A Moment that Lead to A Movement:
Meet To Write Love On Her Arms Founder
Jamie Tworkowski

It was meant to be a short story to help someone in need. And although Jamie Tworkowski loves to write, he couldn’t have predicted that his words about a self-destructive girl on drugs that he met through a mutual friend, and spent five days with in the Spring of 2006, would produce life-changing results.  Real results that not only transformed her life, but changed his life as well.

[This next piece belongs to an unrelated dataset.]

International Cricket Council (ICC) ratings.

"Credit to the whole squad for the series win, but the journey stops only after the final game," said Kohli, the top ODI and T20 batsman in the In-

Tworkowski used his gift of storytelling to share what took place during a week of detox with Renee, in hopes that the rehab center would finally accept her for treatment. Titled, To Write Love On Her Arms, Tworkowski uploaded the article on Myspace. The following words along with the rest of the piece resonated with many suffering people:

“She hands me her last razor blade, tells me it is the one she used to cut her arm and her last lines of cocaine five nights before. She’s had it with her ever since, shares that tonight will be the hardest night and she shouldn’t have it. I hold it carefully, thank her and know instantly that this moment, this gift, will stay with me. It hits me to wonder if this great feeling is what Christ knows when we surrender our broken hearts, when we trade death for life.”

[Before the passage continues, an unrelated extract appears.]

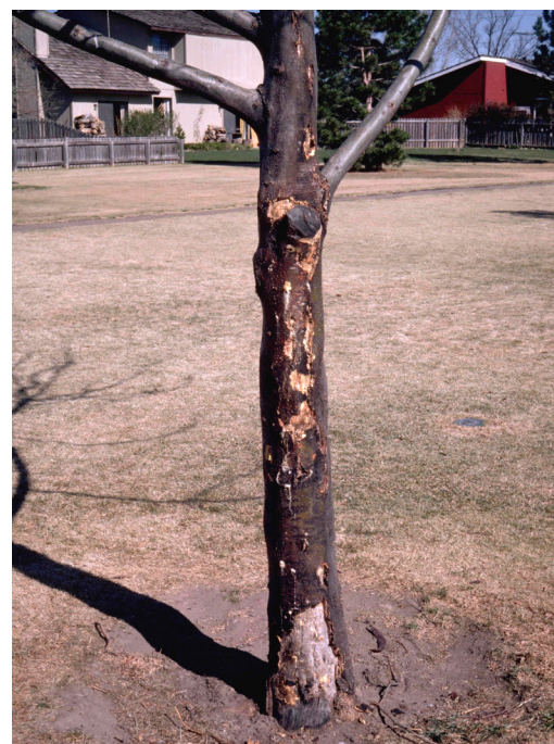
Honeylocust With Severe Sunscauld Damage area.

Damage from sunscauld injury can result in discolored bark, bark cracking, sunken areas from lack of growth, or sloughing of surface bark to reveal dead tissue within the damaged area.

Tworkowski recognized the need for those hurting to feel loved and have hope. Hope in the fact that they are not alone and the belief that a better life is possible. To Write Love On Her Arms (TWLOHA) became more than a story; it became a movement. That in turn led Tworkowski to establish an organization of the same name to reach out to others. Risen recently sat down with this founder who has much to say about the stigmas surrounding mental health, addictions, faith, friendships and family. And he’s quick to share about the vision of an organization leading a conversation so few are willing to have.

Interviewed Exclusively for Risen Magazine at the U.S. Open of Surfing in Huntington Beach, CA

Risen Magazine: When you wrote the story about Renee and asked, “What would you say if this story had an audience?” I couldn’t help but wonder if it was at that point you realized you were being prepped for something much bigger than this single story.
Jamie Tworkowski:  I think it was really simple. It was just an idea that I wanted to write about and share. I was starting to realize that I enjoyed writing and for me it’s always been all or nothing, and in that moment I felt like I had to write, I felt like I had to tell this story. I didn’t know exactly what that meant, and certainly didn’t know it would lead to where it has.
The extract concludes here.